** Source data **
*** Block opens ***
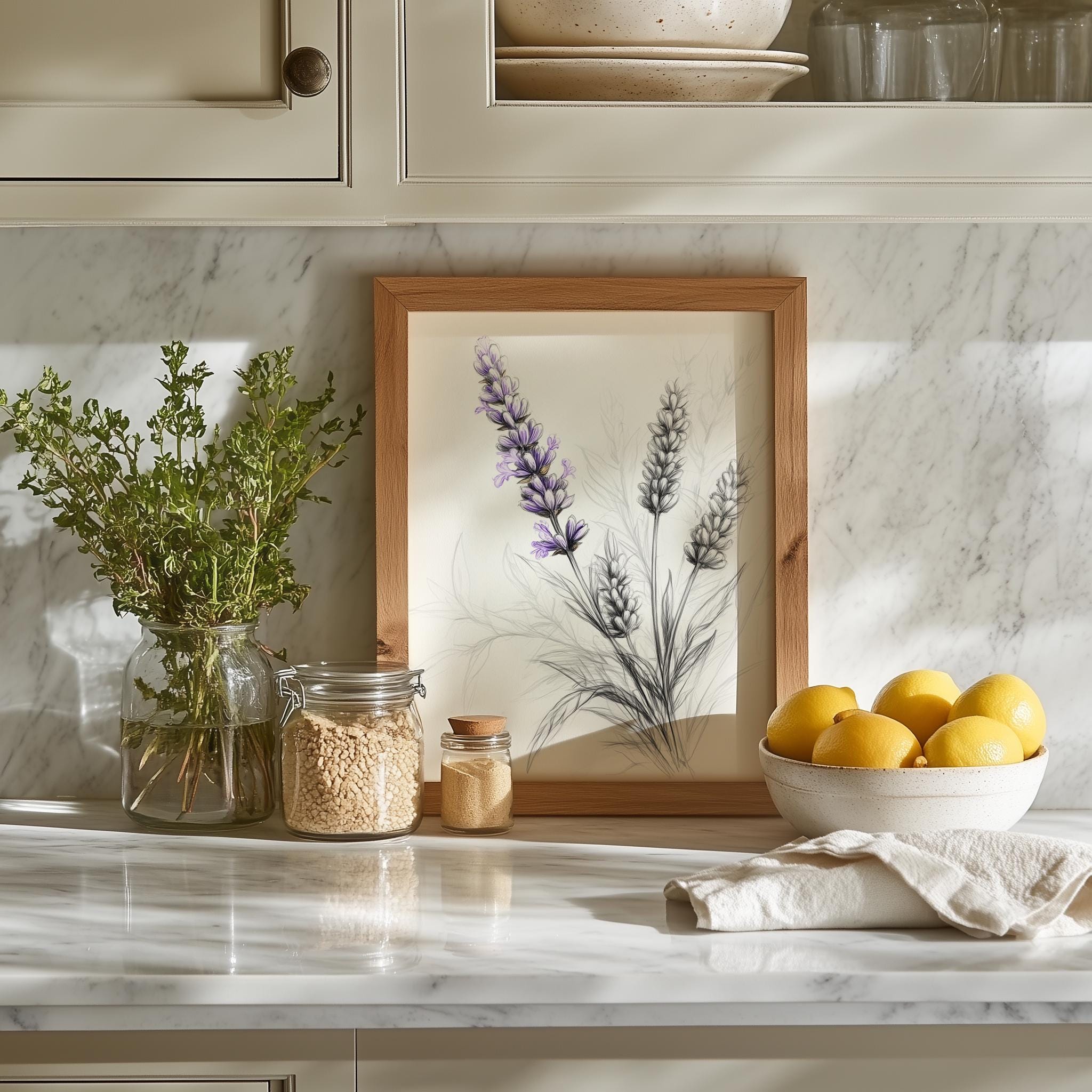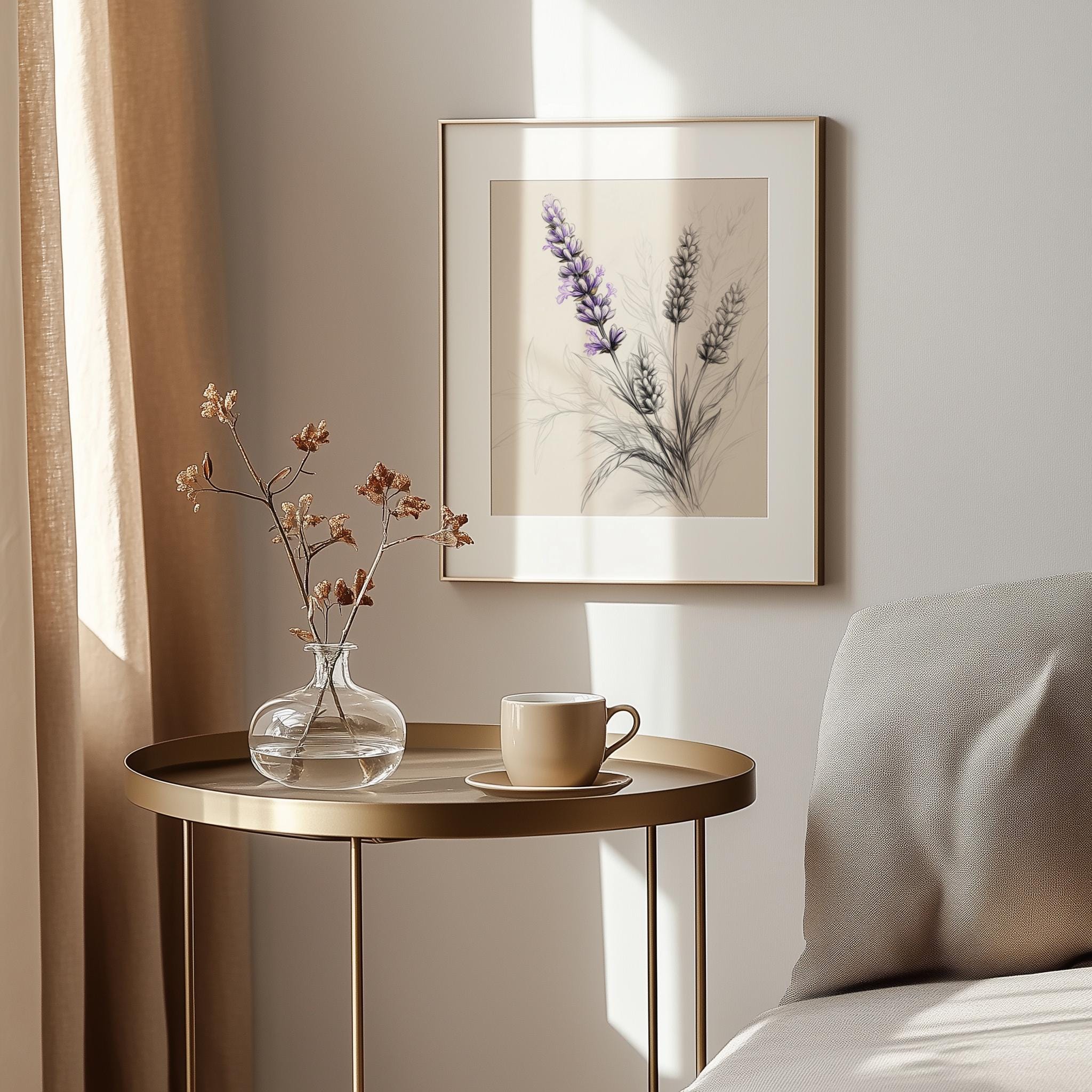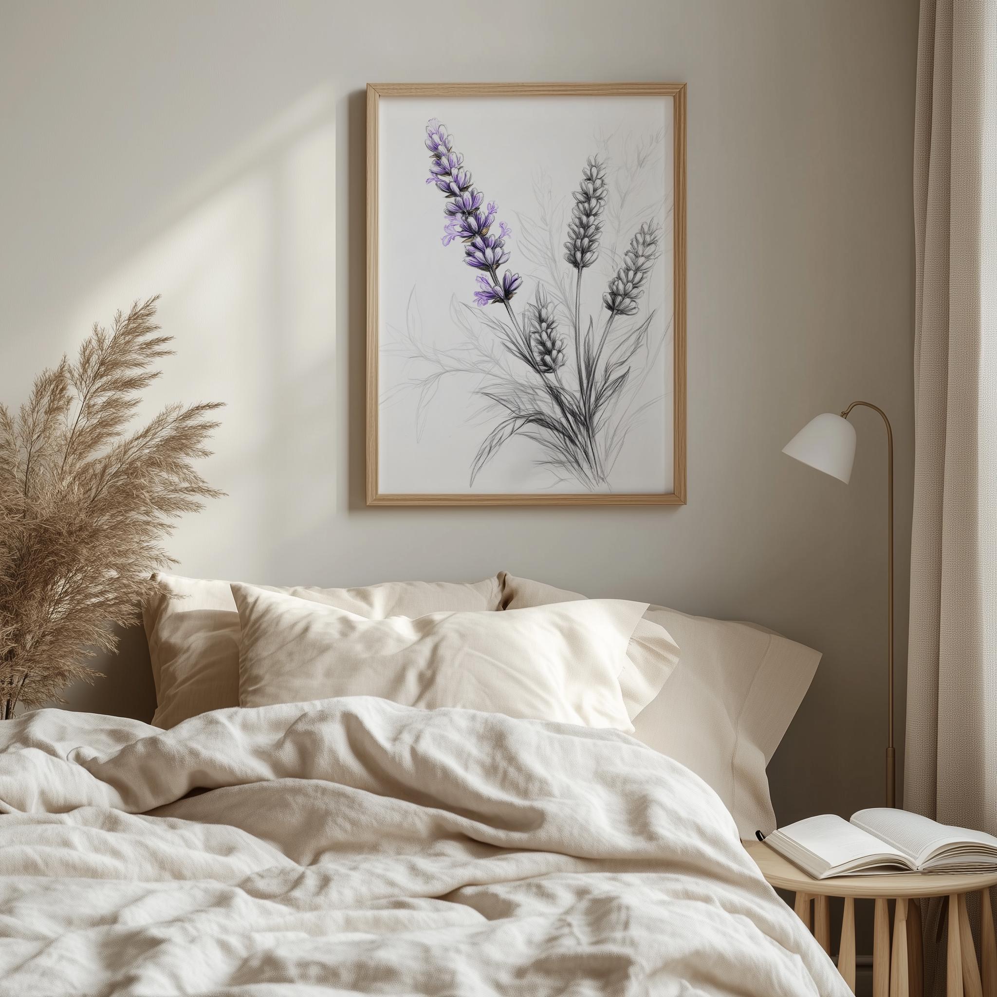 Immerse yourself in the charm of this rustic painting of a delicate lavender branch, beautifully rendered in pencil sketch. An instantly downloadable print, it's perfect for elevating your decor with budget-friendly charm. This gives you the flexibility to customize the size, frame, and material according to your personal taste and space, ensuring a perfect fit for your walls.
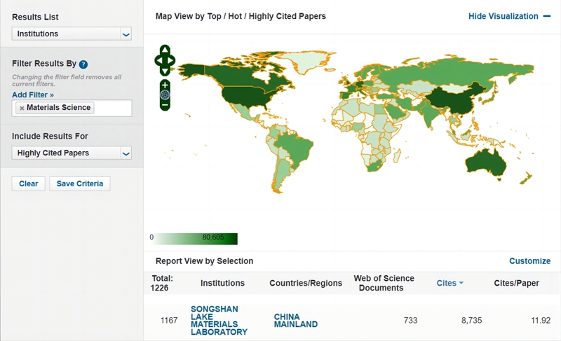 松山湖材料实验室首次进入ESI全球材料科学前1%排名
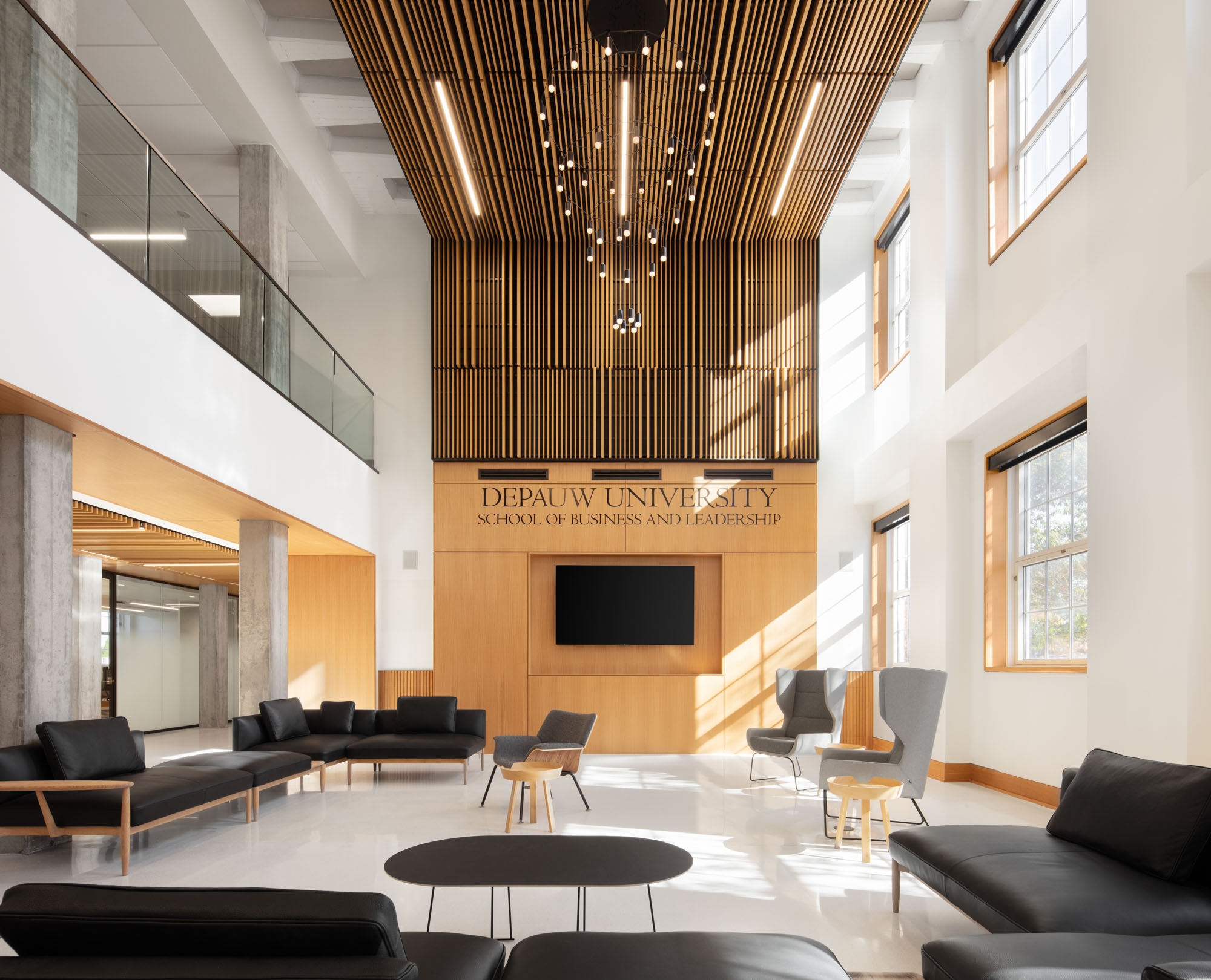 For the School of Business and Leadership at DePauw University, we adapted an existing philosophy building into a new, literally much more open, airy, and vibrant business school.
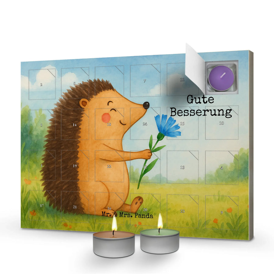 Duftkerzen Adventskalender Igel Blumen Design - mit Spruch
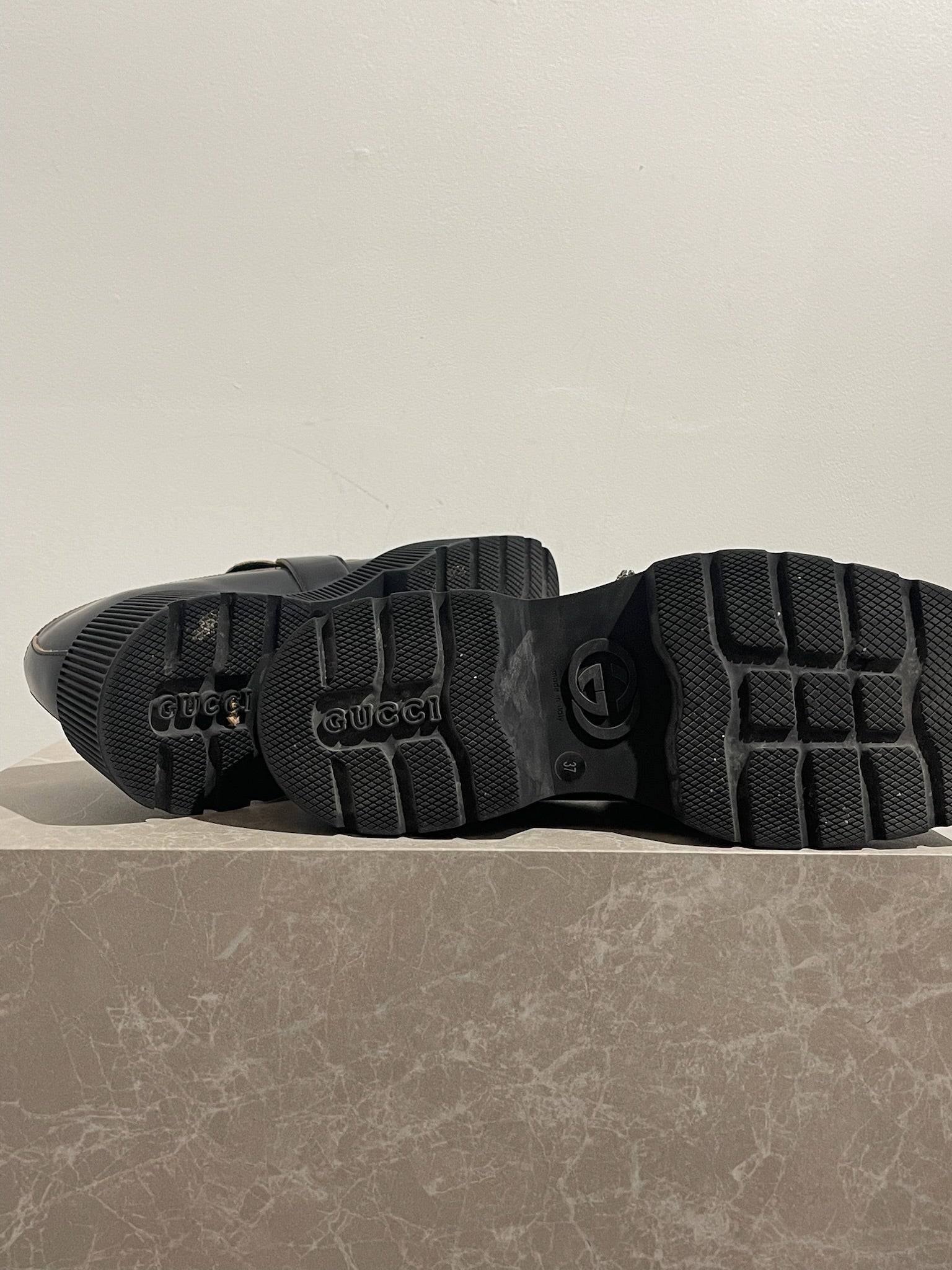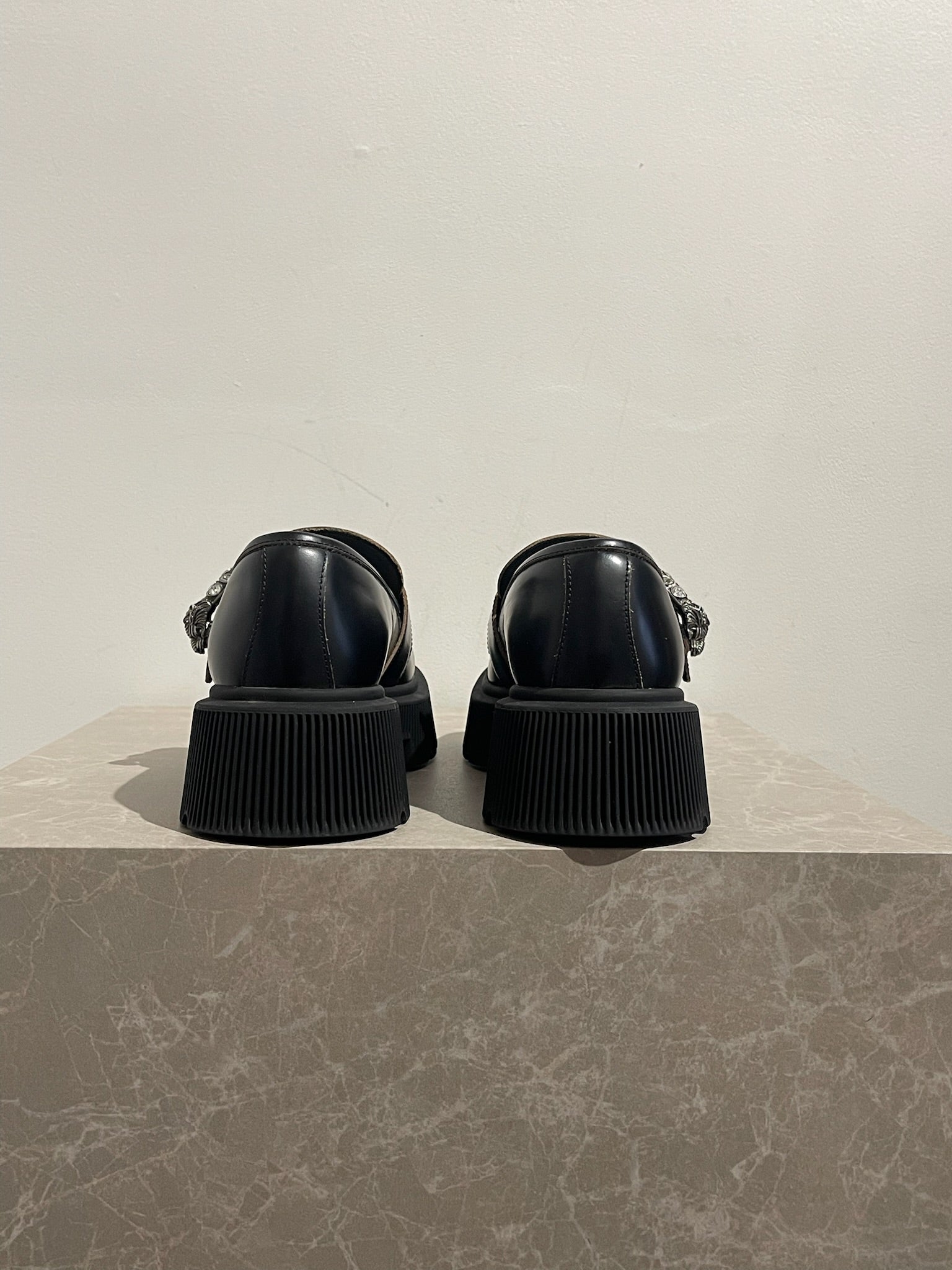 Mocassins en cuir noir, boucle Dionysus argentée à strass. Semelles épaisses.
*** Block closes ***
** Problem description **
Pictures do not belong in the answer. Return the lines above starting at the one with "For the School" and ending at the one with "Duftkerzen Adventskalender Igel", both kept, exactly.

** Task response **
 For the School of Business and Leadership at DePauw University, we adapted an existing philosophy building into a new, literally much more open, airy, and vibrant business school.
 Duftkerzen Adventskalender Igel Blumen Design - mit Spruch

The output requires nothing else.